点や線を使って骨格にアタリを付ける前に、私達は弧を描きがちである。重要なのは対象をよく観察することだが、その観察がなされているかどうかは、弧を描く前に垂線をおろし、点をとってアタリをつけているかどうかで判断できるとのことであった。

ドローイングとは、基本的に、現実の観察から重要な要素を選び、それぞれの関係性を維持しながら紙面に記録する作業だ。よく観察して点、ライン、コーナーの関係性をよく分析しよう。このテントこちらの点ではどちらが高いだろう、このラインとこちらのラインではどちらが長いだろう、このコーナーとこちらのコーナーではどちらが鋭いだろう、など、自問しながら比較検討する。そうしていくと、バルグの石膏ドローイングに限らず、どのような題材も、形状を分析し、描けるようになる。

つまり、

弧をつかって乱暴にアタリをつけ、事実を歪めるな。理性的に最初はグリッドを引いて対処しろ。
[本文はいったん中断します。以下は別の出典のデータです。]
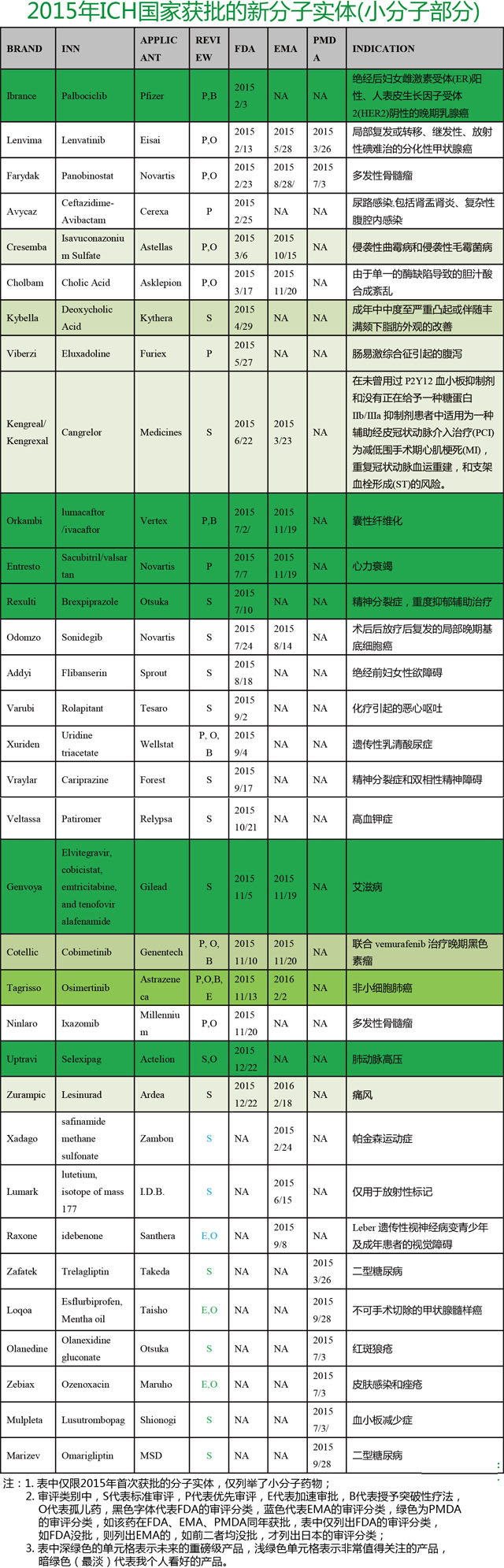 2015年共有49个新分子实体(NME)获得ICH国家批准,49个NME中有11个是全新靶点,PCSK9抑制剂Evolocumab和Alirocumab用于他汀类无效的高胆固醇血症;IL-5单抗Mepolizumab用于哮喘;IL-17A单抗Secukinumab用于银屑病和银屑病关节炎和强直性脊柱炎;SLAMF7单抗Elotuzumab用于多发性骨髓瘤;细胞周期蛋白依赖性激酶(CDK)4/6抑制剂Palbociclib用于乳腺癌。按治疗领域来算,2015年共有14个抗肿瘤药获批,是最多的一年,按分子大小区分,2015年共有34个小分子化药获批,本文就小分子化药方面发表以下鄙见。 1. 抗肿瘤药 1.1 Palbociclib(商品名:Ibrance) 近五年来,免疫、血液病和抗肿瘤药呈现爆发的趋势,主要是得益于单抗行业的迅猛发展,2015年获批的重磅级抗肿瘤药中多为生物制品,抛开生物制品,2015年获批的小分子重磅级产品当属辉瑞的Palbociclib,临床试验证实了IBRANCE联合来曲唑治疗ER+/HER2-局部晚期或转移性乳腺癌患者较单药来曲唑延长了患者的无进展生存期(PFS)。接受Ibrance联合来曲唑治疗实质性的改善了患者的PFS,联合组患者中位PFS为20.2月,接受来曲唑单药治疗患者PFS为10.2月。Palbociclib主要的副作用为中性粒细胞减少、感染和肺部栓塞。市场方面,Palbociclib的表现不容置疑,上市不到一年,销售额就已经超过7亿美元,根据汤森路透分析师预计,Palbociclib在2019年的全球销售额可超过45亿美元。目前该药在国内已申报了进口和仿制,而且已批临床。 1.2 Omisertinib(商品名:Tagrriso) Tagrisso为第三代EGFR抑制剂,是首个用于治疗T790M阳性非小细胞肺癌(NSCLC)患者的药物。在两项2期临床试验中,经其它EGFR抑制剂治疗后病情恶化的T790M阳性NSCLC患者,Tagrisso的应答率分别为57%和61%,在另一项中期实验中,Tagrisso的中位无进展生存期为8.6个月。目前,肺癌是发病率最高的癌症之一,潜在的市场巨大,阿斯利康预计Tagrisso在2016年的销售额将达2.6亿美元、2018年达7.58亿美元、2020年至12.28亿美元,销售峰值将超过30亿美元。 1.3 其它抗肿瘤药 Lenvatinib批准用于转移性甲状腺癌,市场不像Ibrance那么大,但Lenvatinib也是一个疗效不错的药物,临床试验中,Lenvatinib组中位无进展生存率是18.3个月,安慰剂患者的3.6个月,治Lenvatinib总体应答率是64.8%远高于安慰剂组的1.5%,于2015年7月29日获FDA突破性疗法认定, Lenvatinib的销售峰值将超过10亿美元。除此之外,值得关注的是除罗氏的Cobimetinib,Cobimetinib用于治疗黑色素瘤,黑色素瘤在中国的发病率很低,而且疗效也不及其同胞兄弟Vemurafenib,在中国的前景不被看好。 2. 心血管药 2.1 LCZ696(商品名:Entresto) 心血管方面,值得重点关注的当诺华的LCZ696,LCZ696是Sacubitril和Valsartan的复方,这个药物在心力衰竭方面有很好的疗效,也是诺华未来的重磅产品之一,汤森路透预测其2019年的全球销售额将达到37亿美元,但这个产品在中国关注度太高,两年前就已经掀起仿制潮。申报方面,仅有诺华申报进口,并无仿制申报。 2.2 Selexipag(商品名:Uptravi) Selexipag是一种抗肺动脉高压药。临床试验中Selexipag与安慰剂相比,能使肺动脉高压(PAH)患者的发病率/死亡率下降39%。肺动脉高压属于是罕见病,我国大约有4~6万人患病。2014年,全球肺动脉高压药物的全球销量约为50亿美元,比乙肝(约20亿美元)药物市场规模还要大一倍。目前全球在售的抗PAH药物主要为磷酸酯酶抑制剂西地那非、他达拉非、利奥西呱、波生坦、安倍生坦和依前列醇。与这些药物相比,Selexipag疗效更胜一筹,汤森路透分析师预计其在2020年的全球销售额将超过12亿美元。 3. 抗肠易激综合征药 Eluxadoline是一种μ-阿片受体激动剂,用于肠易激综合征引起的腹泻(IBS-D),FDA表示,10%~15%的美国人有IBS经历。IBS-D是这种疾病的一个亚型,IBS患者约四分之一的时间会出现松散或水样便。临床试验显示,它在减轻腹痛,改善粪便稠度,相比于安慰剂更有效。IBS是非常值得关注的领域,中国约有1200万患者,而且没有特效药上市。抛开IBS-D,IBS-C(肠易激综合征引起的便秘)也是研究热门,武田的鲁比前列酮是第一个批准用于IBS-C的药物,但疗效很一般,重磅当属2012年批准的Linaclotide,Linaclotide上市两年,销售额已经超过5亿美元,是汤森路透预计的重磅之一,其预计2020年的销售额将超过20亿美元。Linaclotide结构为含14个氨基酸的多肽,但由于结构内有三个二硫键,国内尚无公司在原料药合成上取得的突破,至今尚无申报。除了Linaclotide,处于三期临床的Plecanatide也非常值得期待,Plecanatide比Linaclotide的副作用更小,而且只有两个二硫键。 4. 抗痛风药 骨骼肌肉方面是阿斯利康的Lesinurad,这个药效果很好,但具有心脑血管风险,是一个富有争议的药物。目前我国痛风患者约1350万,但痛风药物的市场仅有几千万,主要原因在于流通我国医院的都是像秋水仙碱、苯溴马隆这样的老药。目前,痛风治疗是国内药品市场增速最快的领域,而且会随着新一代抗痛风药的上市进一步爆发,2009年样本医院用药为2300万,而2014年达5900万,平均增长率高达30%。目前新一代抗痛风药除了Lesinurad,还有富士的托匹司他,武田的非布司他。 5. 抗丙肝药 2014年、2015年是丙肝年,这两年丙肝领域取得了于世瞩目的成就,市场规模从2013年的30亿美金到2014年的140亿美金再到2015年的240亿美金,有火箭发射之势。这得益于吉里德的两个丙肝产品爆发,2015年吉里德全球丙肝销售额超过190亿美元。目前中国尚无丙肝特效药上市,做丙肝药品研发还有很好的机会。毕竟中国有4000万

ということなのである。ヨゼフ・ミューラー先生も隣で頭を縦に振っていることだろう。例えば下記が乱暴に値する私のスケッチである。昔に比べると垂線を引き、点でアタリをつけるよう努力はしているが、未だに苦手なところや書きたくないところは、横着して弧をひこうとし、結果として何度も消しゴムで消す羽目になる。

画像1

その他の本の内容としては、作例が豊富に紹介されている点が参考になる。いい教科書は多角的な思考を促そうと、色んな分野から様々な事例を紹介してくれる。シャルルバルグの鉛筆を使ったドローイングは、直線的で皮下構造の重要な組織を効率よく汲み取っている。何よりも鉛筆の色が美しい。私もああなりたい。

画像2

ちなみに私の習作の末路はこれであった。

この記事が参加している募集

読書感想文

この記事が気に入ったらサポートをしてみませんか?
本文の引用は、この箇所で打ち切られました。